##### DATA SECTION
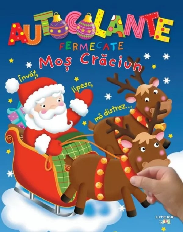 Această carte îi invită pe cei mici să se distreze în așteptarea lui Moș Crăciun prin activități simple și pline de farmec. Copiii pot lipi autocolantele incluse și pot completa scenele vesele de iarnă. Este o activitate potrivită pentru dezvoltarea creativității și pentru momentele de joacă în perioada sărbătorilor.
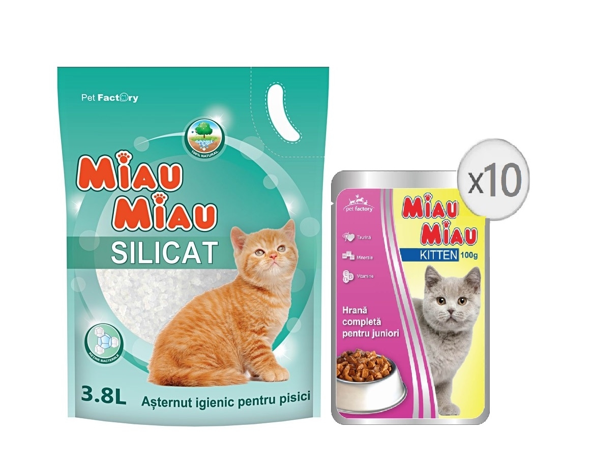 Pachet Miau Miau Asternut silicatic 3.8L + Miau Miau Plic Kitten 100g x 10 buc
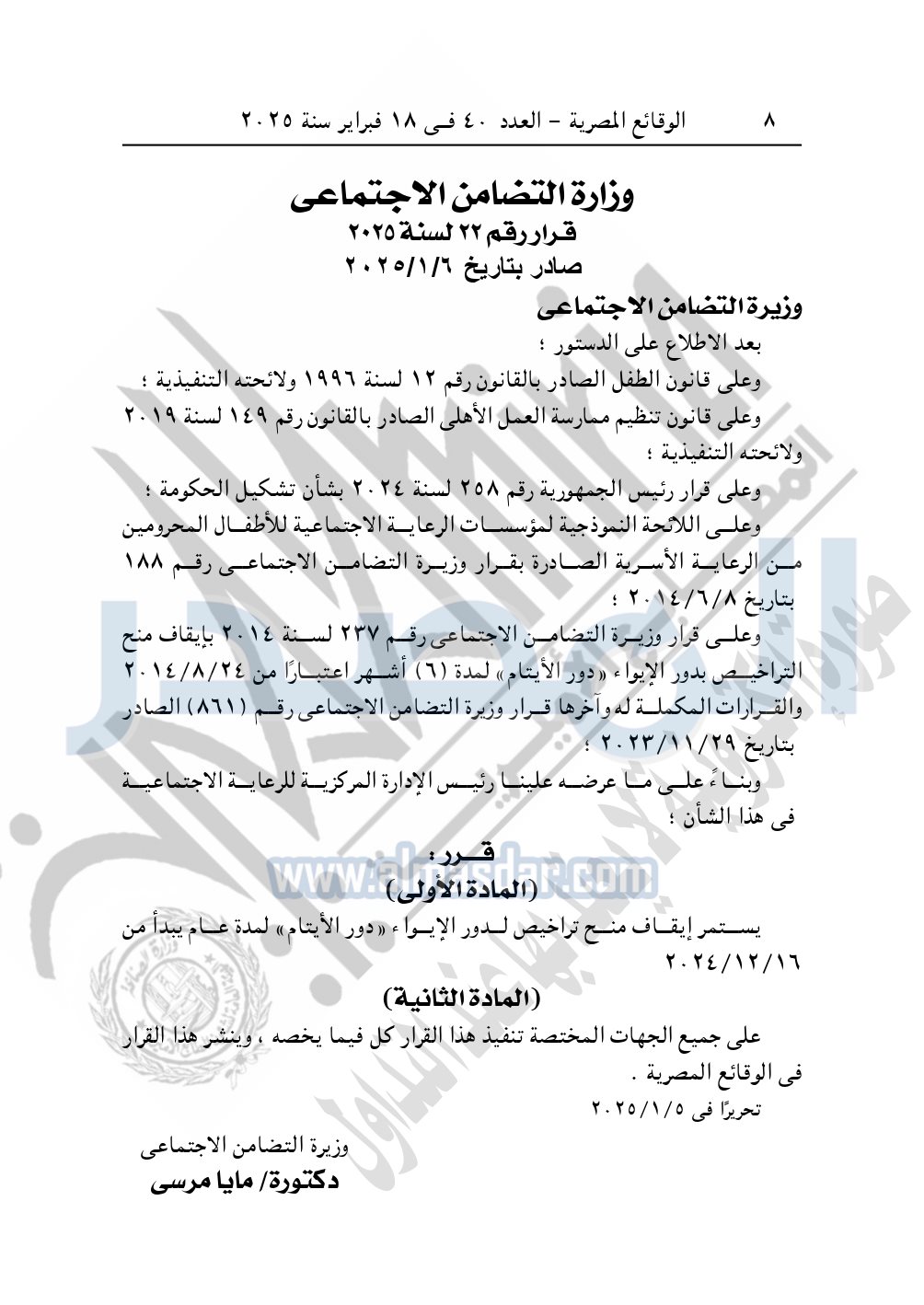 نشرت الوقائع المصرية في العدد 40، بتاريخ 18 فبراير 2025، قرار وزارة التضامن الاجتماعي، رقم 22 لسنة 2025، صادر بتاريخ 6-1-2025، بشأن استمرار إيقاف منح تراخيص لدور الإيواء «دور الأيتام» لمدة عام.
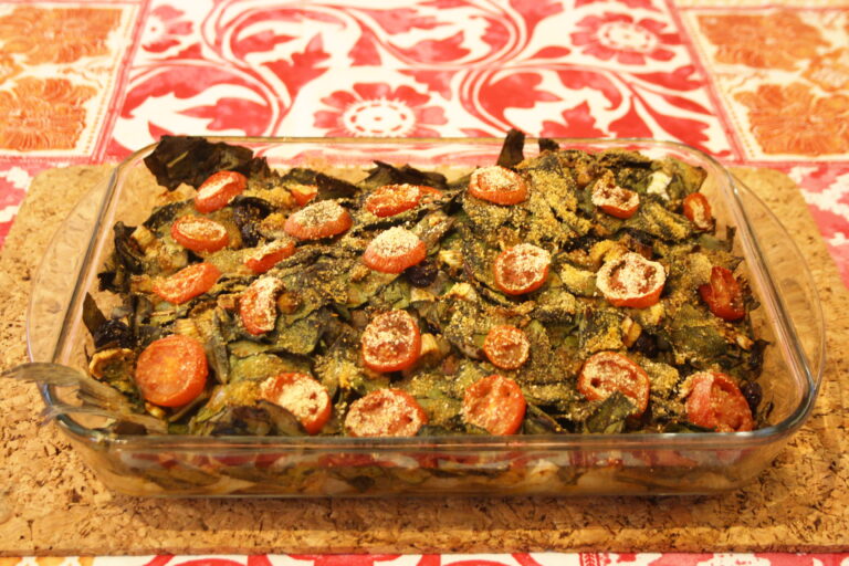 - Tapam el peix amb les verdures trempades. Hem de posar verdura abastament, fins que tot estigui ben tapat.
##########
EXERCISE REQUIREMENTS:
Using the data above, copy exactly the lines from the one containing "Pachet Miau Miau" to the one containing "نشرت الوقائع المصرية", inclusive. Exclude the pictures.

ANSWER:
 Pachet Miau Miau Asternut silicatic 3.8L + Miau Miau Plic Kitten 100g x 10 buc
 نشرت الوقائع المصرية في العدد 40، بتاريخ 18 فبراير 2025، قرار وزارة التضامن الاجتماعي، رقم 22 لسنة 2025، صادر بتاريخ 6-1-2025، بشأن استمرار إيقاف منح تراخيص لدور الإيواء «دور الأيتام» لمدة عام.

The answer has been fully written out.